Tytuł: Odp: Jazda w kasku czy bez?
Wiadomość wysłana przez: MarioG w 03 Sie 2012, 22:21:31
@Raffi, a może Fionotronowi chodziło o 'myślących inaczej... niż on' :)
Tytuł: Odp: Jazda w kasku czy bez?
Wiadomość wysłana przez: Safian w 04 Sie 2012, 00:19:14
Wiecie... nie chciałbym mieć wypadku (z obrażeniami głowy) nie mając kasku na głowie, nawet nie chodzi o sam fakt tychże obrażeń, ale o to co jest w takich sytuacjach najgorsze, czyli żal do siebie samego i gdybanie 'co by było gdyby...'.
Nie rozumiem, mając kask na głowie chyba nie zwiększasz szansy na obrażenia przy upadku a jeżeli jest szansa na ich zmniejszenie to dlaczego nie jeździć w kasku? Że niby kask na głowie powoduje zwiększenie energii z jaką głowa uderza o przeszkodę - większy impet, obrażenia? To do mnie nie przemawia :)
Zresztą w (dobrym) kasku jest chłodniej niż bez niego, no i wygląd jest bardziej pro :D :D
Pomijam tu już fakt, że do zastosowań sportowych (raczej do jazdy w terenie) IMO kask jest niezbędny (-:

Swoją drogą ostatnio wgniotłem kask - na prostym asfalcie (akurat z mojej winy, ale taka gleba może się przytrafić każdemu), kilka chwil kręciło się w głowie ale mogłem jechać dalej, gdybym nie miał ochrony pewnie skończyłoby się w szpitalu.
Tytuł: Odp: Jazda w kasku czy bez?
Wiadomość wysłana przez: Mhrok w 04 Sie 2012, 13:18:45
Nie rozumiem, mając kask na głowie chyba nie zwiększasz szansy na obrażenia przy upadku a jeżeli jest szansa na ich zmniejszenie to dlaczego nie jeździć w kasku?
Koleżanka miała kask, spotkała samochód, ma złamaną kość policzkową oraz nos. Kask zsunął się jej na twarz, bo był nie do końca dobrze dopasowany. Także też trzeba być świadomym tego, że kask może zwiększyć ryzyko, o ile nie jest dobrze dobrany.
Tytuł: Odp: Jazda w kasku czy bez?
Wiadomość wysłana przez: fionotron w 04 Sie 2012, 13:28:50
Chyba "myślący inaczej" miało znaczyć "mający inne zdanie".
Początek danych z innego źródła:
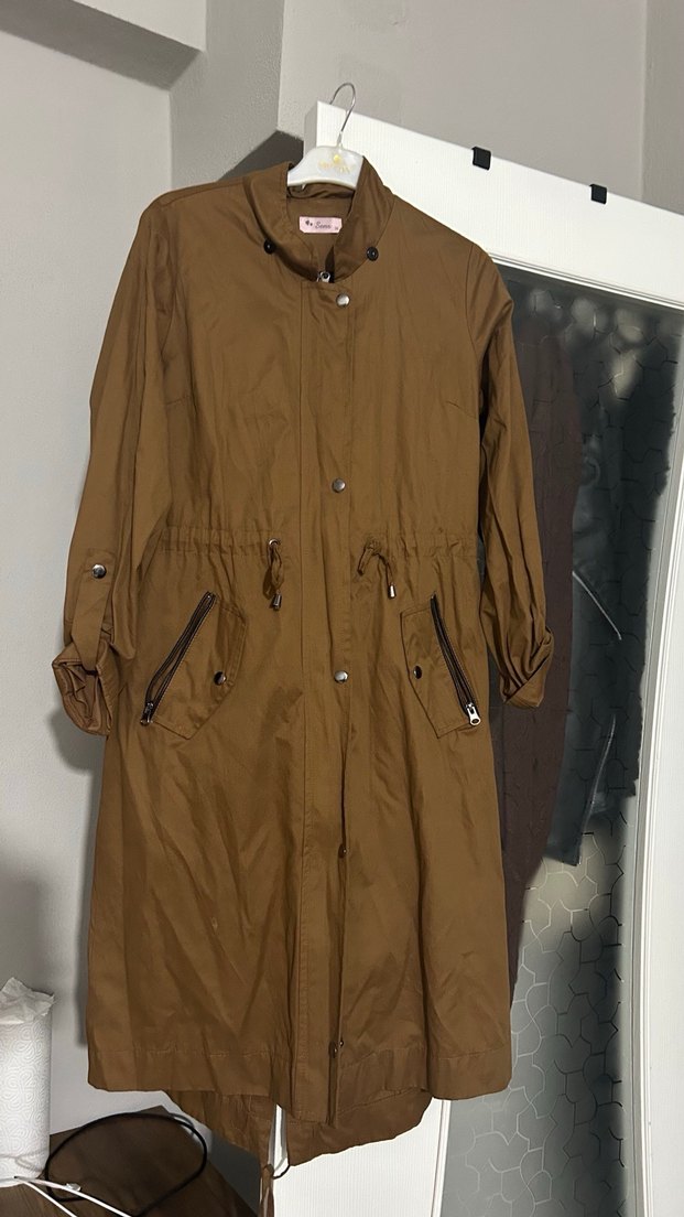 Parlak kahverengi uzun trençkot, düğmeli, çıtçıtlı, uzun kollu ve cep fermuarlı. Salaş kesimiyle sokak stiline uygun bir parça.

Raffi  i po co się tak od razu unosisz   :)    .
 
TAK. TO właśnie miało znaczyć określenie "mający inne zdanie".

I żeby BYŁA jasność. Moim zamierzeniem Nie jest szerzenie podziałów na rowerzystów jeżdżących w kaskach i tych w których w nich nie jeżdżą.

Napiszę to jeszcze raz - nie mam nic do rowerzystów, jeżdżących bez kasków. To jest ich wybór I |oczywiście mogą mieć inne zdanie.

Jednak ja zawsze jeździłem w kasku i nadal będę w nim jeździł, bo uważam, że przynajmniej w jednej sytuacji po masakrycznej wywrotce uniknąłem poważnego w skutkach wstrząśnienia mózgu    :)     .

Tytuł: Odp: Jazda w kasku czy bez?
Wiadomość wysłana przez: fionotron w 04 Sie 2012, 13:38:47
Koleżanka miała kask, spotkała samochód, ma złamaną kość policzkową oraz nos. Kask zsunął się jej na twarz, bo był nie do końca dobrze dopasowany. Także też trzeba być świadomym tego, że kask może zwiększyć ryzyko, o ile nie jest dobrze dobrany.

@Mhrok.
Uważam, że każdy nawet średnio zaawansowany miłośnik jazdy na rowerze powinien być tego świadomy, jak jest ważne dopasowanie kasku
W wielu sklepach rowerowych sprzedawcy udzielają wskazówek jaki kask kupić i jak go dopasować    :)    .
Tytuł: Odp: Jazda w kasku czy bez?
Wiadomość wysłana przez: remitent w 04 Sie 2012, 20:55:11
No, to Fionotronie niezłą burzę rozpętałeś ;)

Myślę, że wynika to z faktu, że operujemy tutaj, na forum, słowem wyłącznie pisanym i łatwo o niejednoznaczności.

Myślący inaczej to może być epitet pejoratywny, ale wcale nie musi. I ja, mimo że zostałem explicite przez Ciebie wymieniony jako myślący inaczej, wcale nie poczułem się urażony ;)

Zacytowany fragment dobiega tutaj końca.